WHAT IS REQUIRED
Print exactly the lines that run from the first line of the material to the line containing "在调研中各位同学就自己在研究", both ends included, and skip the pictures.

=== Section Start ===

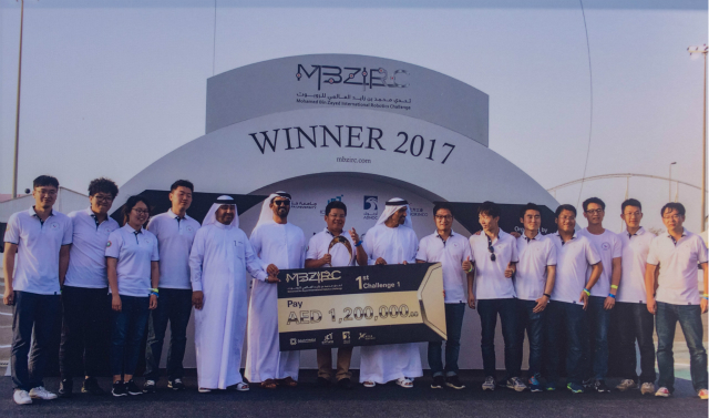 2017年3月18日,在阿联酋首都阿布扎比,获得“无人机移动目标侦测及自主起降”项目冠军的德赢AC米兰官网代表队领奖。3月15日至19日,穆罕默德·本·扎耶德国际机器人挑战赛决赛在阿布扎比举行。来自中国的德赢AC米兰官网和北京航空航天大学两支代表队参加了比赛,其中北理工代表队获得“无人机移动目标侦测及自主起降”项目冠军。
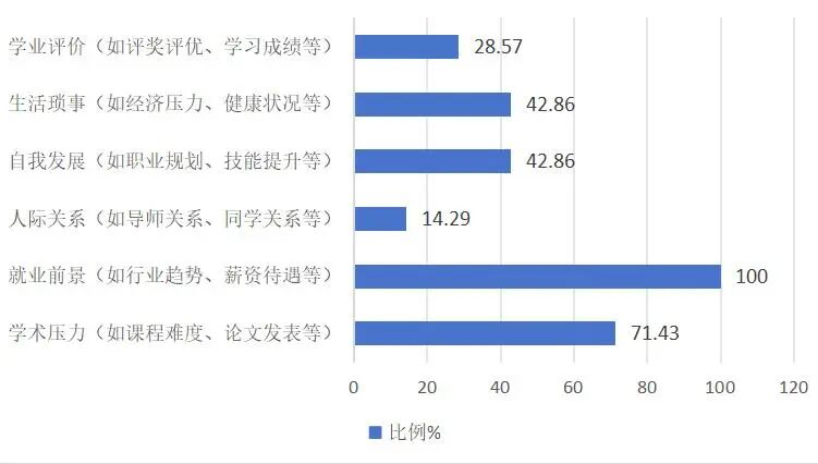 在调研中各位同学就自己在研究生阶段的焦虑源头进行分析,57.14%的同学经常感到焦虑,有100%的同学对于就业前景,如行业趋势、薪资问题较为焦虑;71.43%的同学则认为更让他们焦虑的是学术带来的压力,比如课程论文难、论文发表难等;还有42.86%的同学对自我发展,包括职业规划和技能提升等方面感到焦虑,其它会涉及到的焦虑因素还有如人际关系、生活琐事、就业评价等。大部分同学对自己未来的发展感到迷茫。建议可以通过多关注一些招聘会,多多了解用人单位的用人需求,对准需求去强化自己岗位竞争优势。
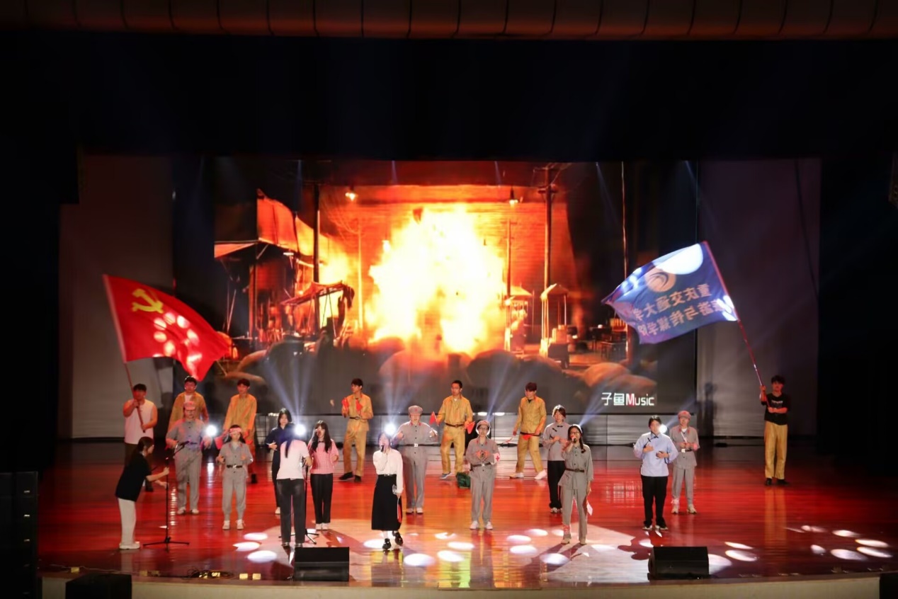 旅游管理四班的同学们通过精湛的表演,将观众带入到那段烽火岁月。剧中地下党员赵梦瑶(韩瑞瑞饰)“为了国家尊严宁死不屈”的呐喊,护士苏晓梅(陈双饰)温柔而坚定的守护,以及“同生死,共进退”的革命誓言,都深深打动了在场观众。班长江艳妮表示:“我们希望通过女性的视角,展现抗战中平凡人的伟大抉择。”特别是在敌军逼近时的群舞场景,演员们通过肢体语言生动再现了战火中的抗争与坚守,配合灯光音效的巧妙运用,给观众们带来强烈的视觉冲击和情感共鸣。
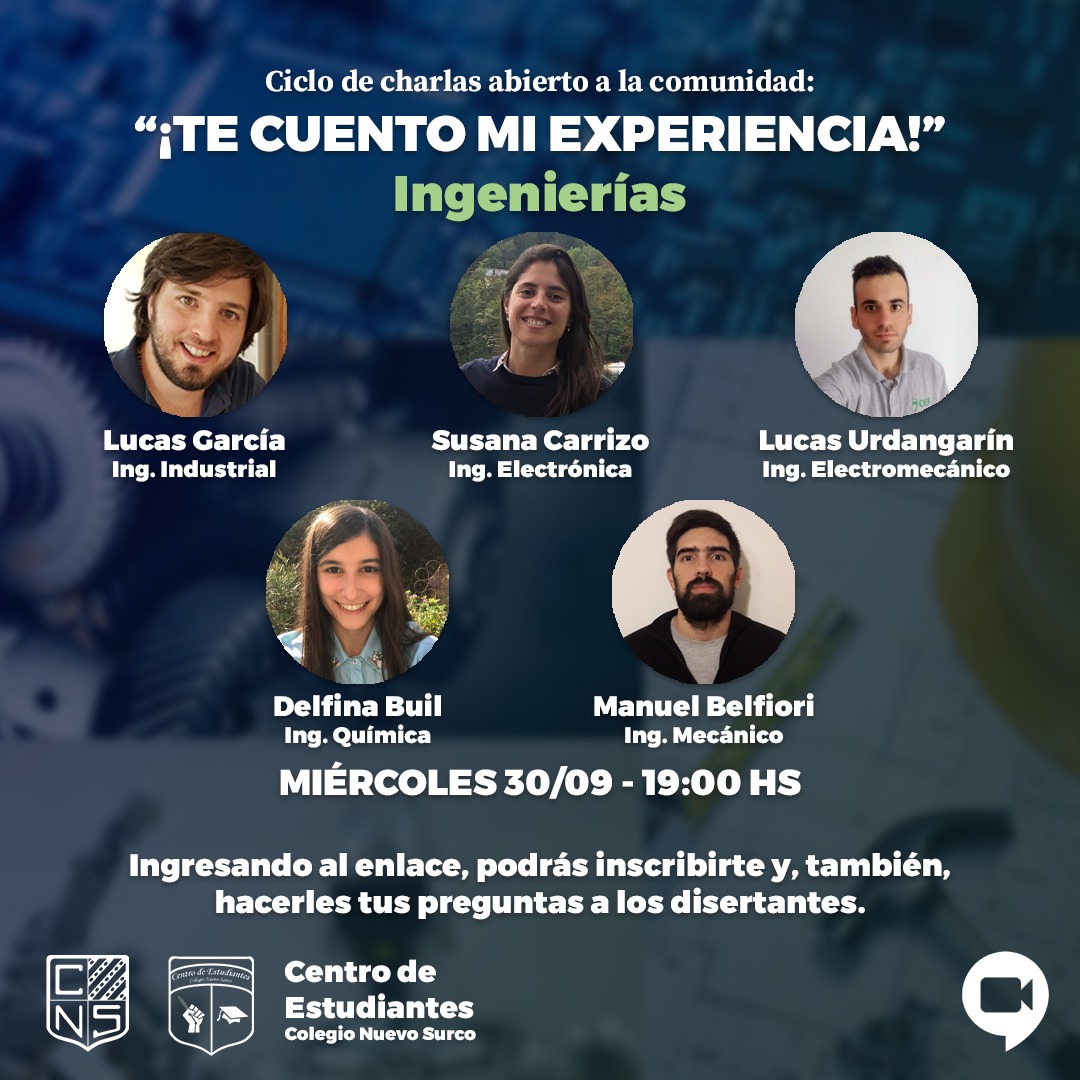 – “Ingenierías” a cargo de Delfina Buil (ing. química), Manuel Belfiori (ing. mecánico), Susana Carrizo (ing. electrónica), Lucas Urdangarín (ing. electromecánico) y Lucas García (ing. industrial). Miércoles 30/09 a las 19:00 hs.
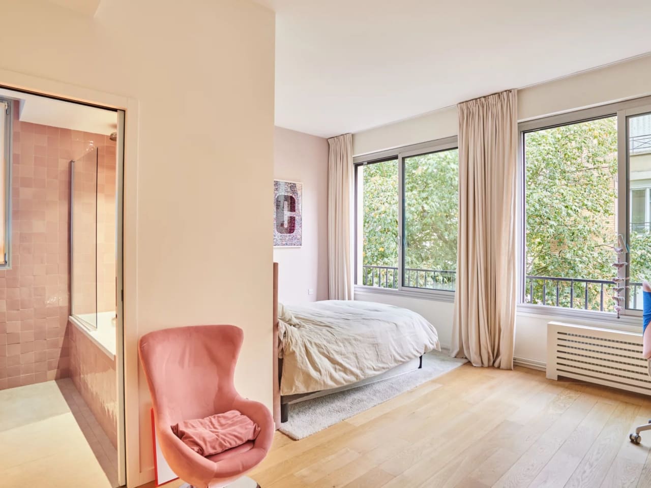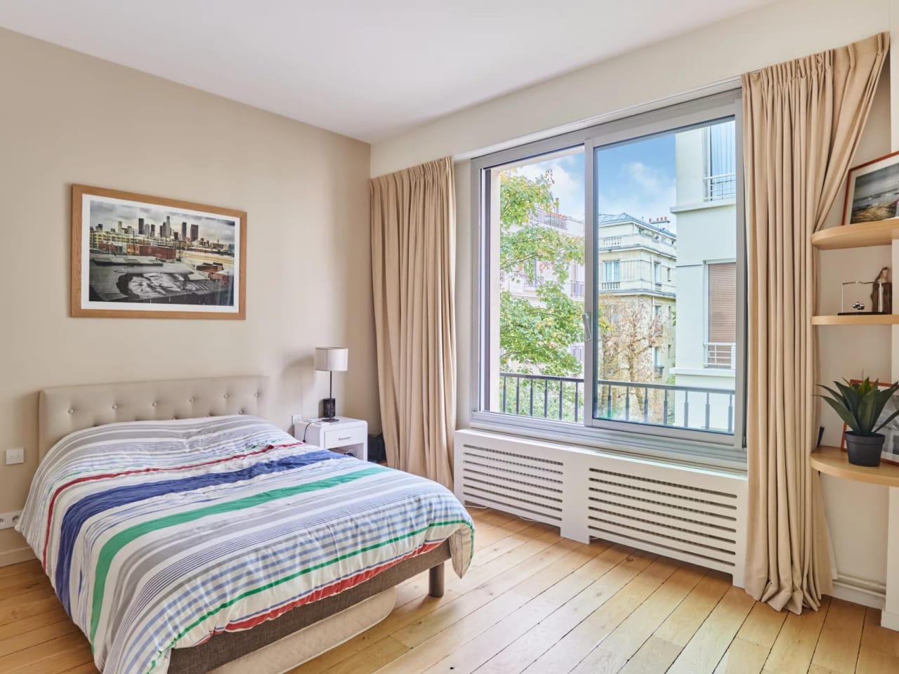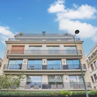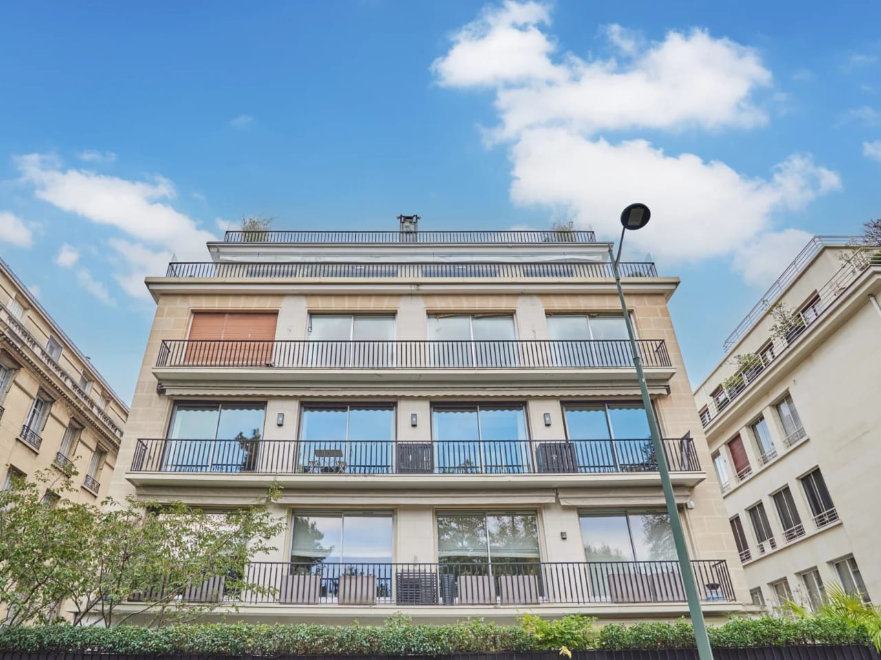 Located in the heart of a sought-after neighborhood in the 16th arrondissement, this remarkable private mansion, designed by renowned architect Pol Abraham, stands out for its distinctive character, generous volumes, and a stunning 90 sqm landscaped rooftop terrace offering open and peaceful views. With approximately 400 sqm of living space spread across four levels served by a private elevator, this light-filled property is currently divided into three independent apartments, each with its own separate entrance. The layout is perfectly suited for a large family, a multi-generational residence, or a prestigious investment. Layout: Ground floor: a charming 74 sqm one-bedroom apartment, accompanied by a spacious cellar. First floor (with independent street access): a spectacular duplex featuring impressive volumes, a cathedral-ceiling living room, open-plan kitchen with dining area, study space, a master suite with dressing room and bathroom, a second bedroom, and a shower room. A third bedroom can easily be added. Third and fourth floors: an elegant, fully renovated family duplex comprising four bedrooms with beautiful garden views and direct access to the 90 sqm landscaped rooftop terrace. The property benefits from two independent entrances, a private elevator serving all floors, and a private garage box in the adjoining building. A rare property on the market combining remarkable architecture, expansive living areas, exceptional outdoor spaces, and a highly sought-after location.
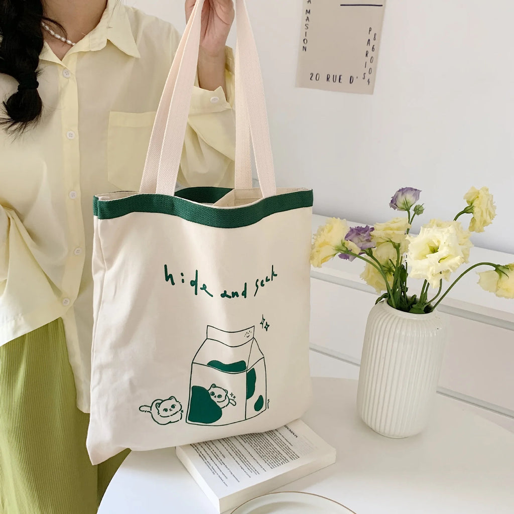 Cartoon Canvas Tote Bag Eco Shopping Large Ladies Handbags
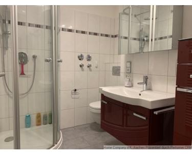 Vor dem ansprechenden Duschbad befindet sich auch die Waschmaschine im separaten Abstellraum in der Wohnung.
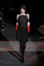 It was just another collection with Tisci’s signature tailoring: sharp coats, tuxedo suits, and lean black pants. Red glitter gloves, bags and lips accompanied the clothes, as did sexy scarlet, black and nude lace. One of the best looks were the black leather pieces — mini slips and skirts — mixed with lace.
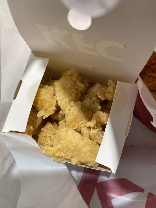 来到淘金,路过这一家肯德基餐厅,进来买点东西吃吃,顺便消磨一下时间,最近肯德基搞了一些APP上面的优惠活动,但是必须要有消费,任意消费都行,如果你是有刚需的话,领张券吧,能够优惠多少也是好的。我本来想要吃一个雪糕,但是居然没有比利时巧克力口味的那一种了。买了鸡米花和香脆鸡,香脆鸡上面好多调味粉,感觉一般般,鸡米花还可以。
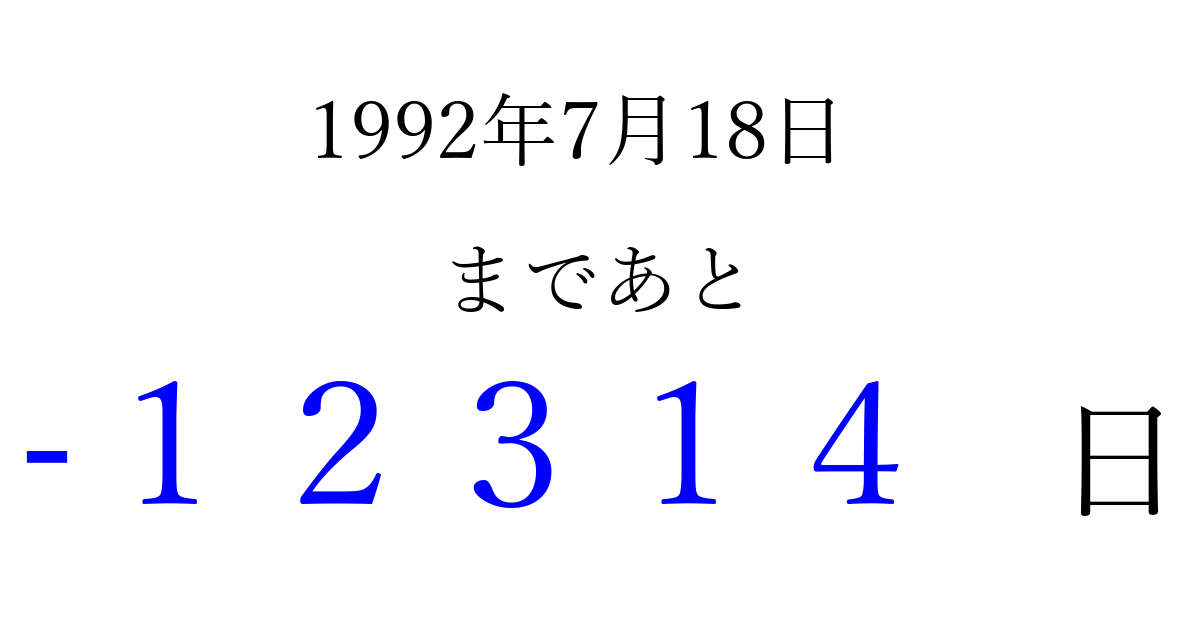 1992年7月18日(土)は もう 00000 日過ぎました 追加すると、トップページからすぐ選べるようになります ※2026/04/05現在の結果です。 最新の状態に更新する ↓シェアして、タイムライン上にカウントダウンを表示しよう!↓ 📤 この結果を共有する Tweet シェア Threads Bluesky 別の日付でカウントダウン 1992年7月のカレンダー このページをブックマークに追加すると、いつでもカウントダウンを確認できます。 (PC: Ctrl+D / Mac: ⌘+D) hitome-notes.comでは以下のページも運営しています。 指定日と期間から日付を計算 | ガチャ確率計算・シミュレーション | プライバシー・ポリシー 運営者:Avocado
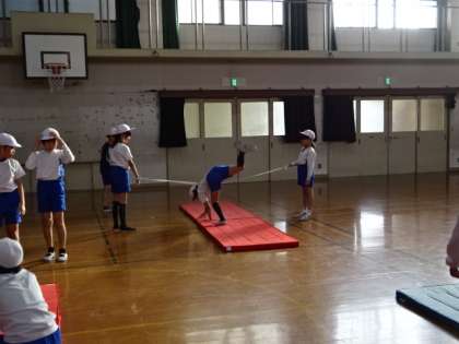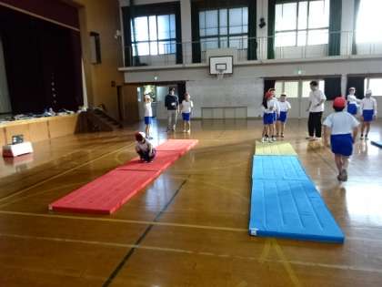 マット運動の様子です。技に丁寧に取り組む5年生。できない技ができるように、友だちと声をかけあいながら取り組む場面もありました。
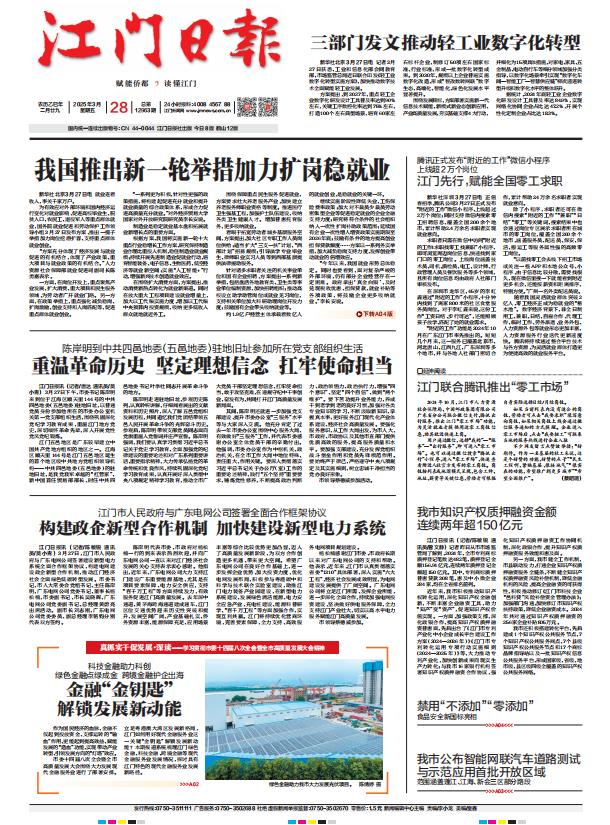- ② 本网未注明"稿件来源:江门日报"的文/图等稿件均为转载稿,如其他媒体、网站或个人从本网下载使用,必须保留本网注明的"稿件来源",并自负版权等法律责任。
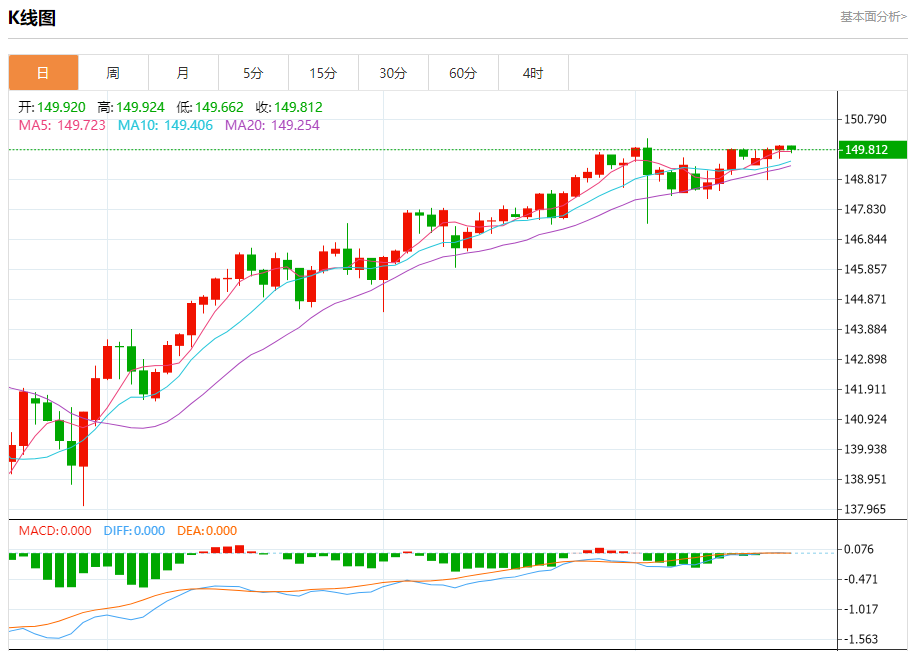 周四盘中,美元/日元报149.818,跌幅0.07%。
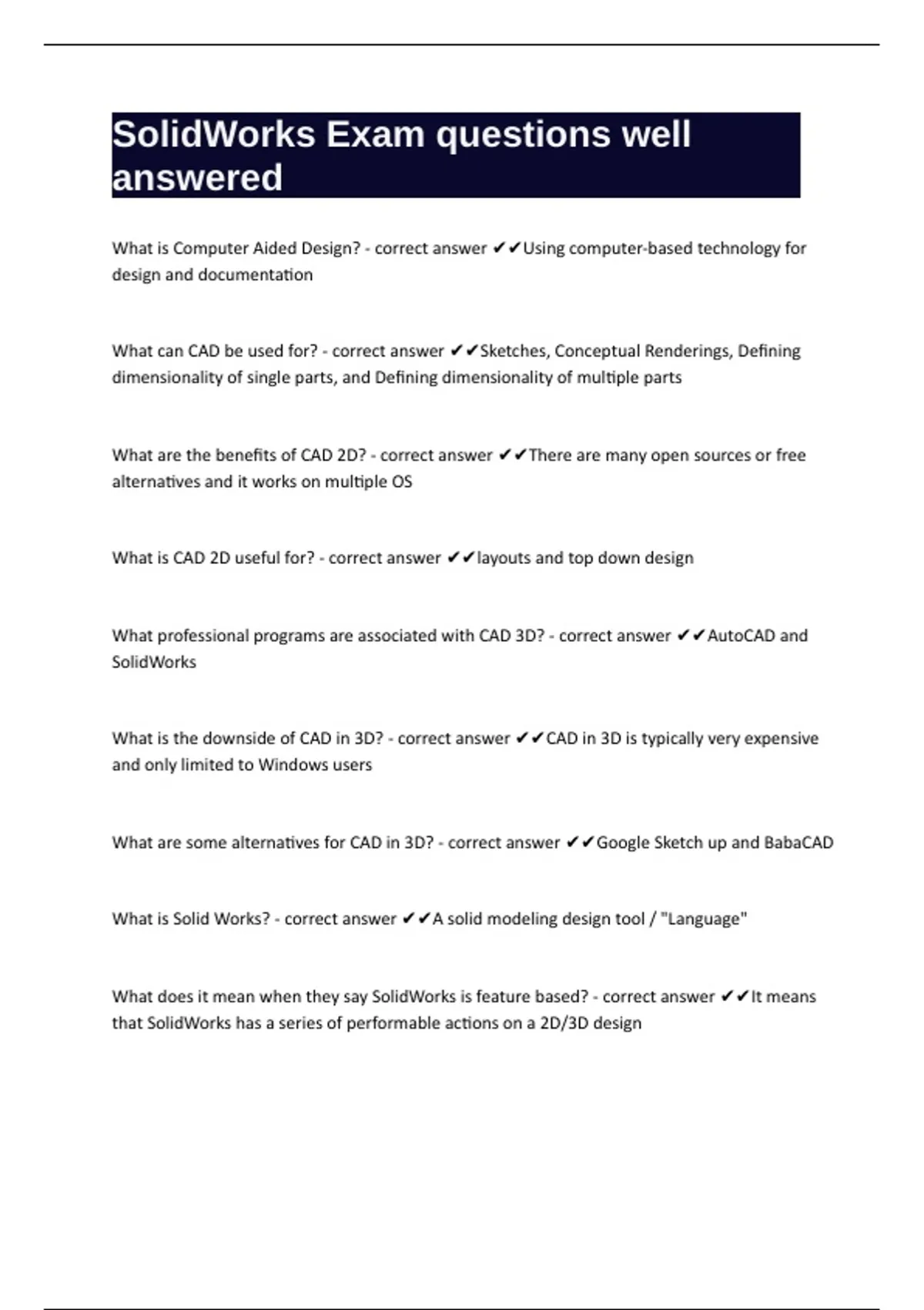 1 Exam (elaborations) SOLIDWORKS Associate Exams 1-30 with verified answers 2 Exam (elaborations) SOLIDWORKS CERTIFICATION questions well answered graded A+ 3 Exam (elaborations) SolidWorks Quiz 1 with verified answers already passed 4 Exam (elaborations) SOLIDWORKS Simulations questions well answered to pass 5 Exam (elaborations) SolidWorks; S

=== Section End ===

SOLUTION FOR THIS TASK
 2017年3月18日,在阿联酋首都阿布扎比,获得“无人机移动目标侦测及自主起降”项目冠军的德赢AC米兰官网代表队领奖。3月15日至19日,穆罕默德·本·扎耶德国际机器人挑战赛决赛在阿布扎比举行。来自中国的德赢AC米兰官网和北京航空航天大学两支代表队参加了比赛,其中北理工代表队获得“无人机移动目标侦测及自主起降”项目冠军。
 在调研中各位同学就自己在研究生阶段的焦虑源头进行分析,57.14%的同学经常感到焦虑,有100%的同学对于就业前景,如行业趋势、薪资问题较为焦虑;71.43%的同学则认为更让他们焦虑的是学术带来的压力,比如课程论文难、论文发表难等;还有42.86%的同学对自我发展,包括职业规划和技能提升等方面感到焦虑,其它会涉及到的焦虑因素还有如人际关系、生活琐事、就业评价等。大部分同学对自己未来的发展感到迷茫。建议可以通过多关注一些招聘会,多多了解用人单位的用人需求,对准需求去强化自己岗位竞争优势。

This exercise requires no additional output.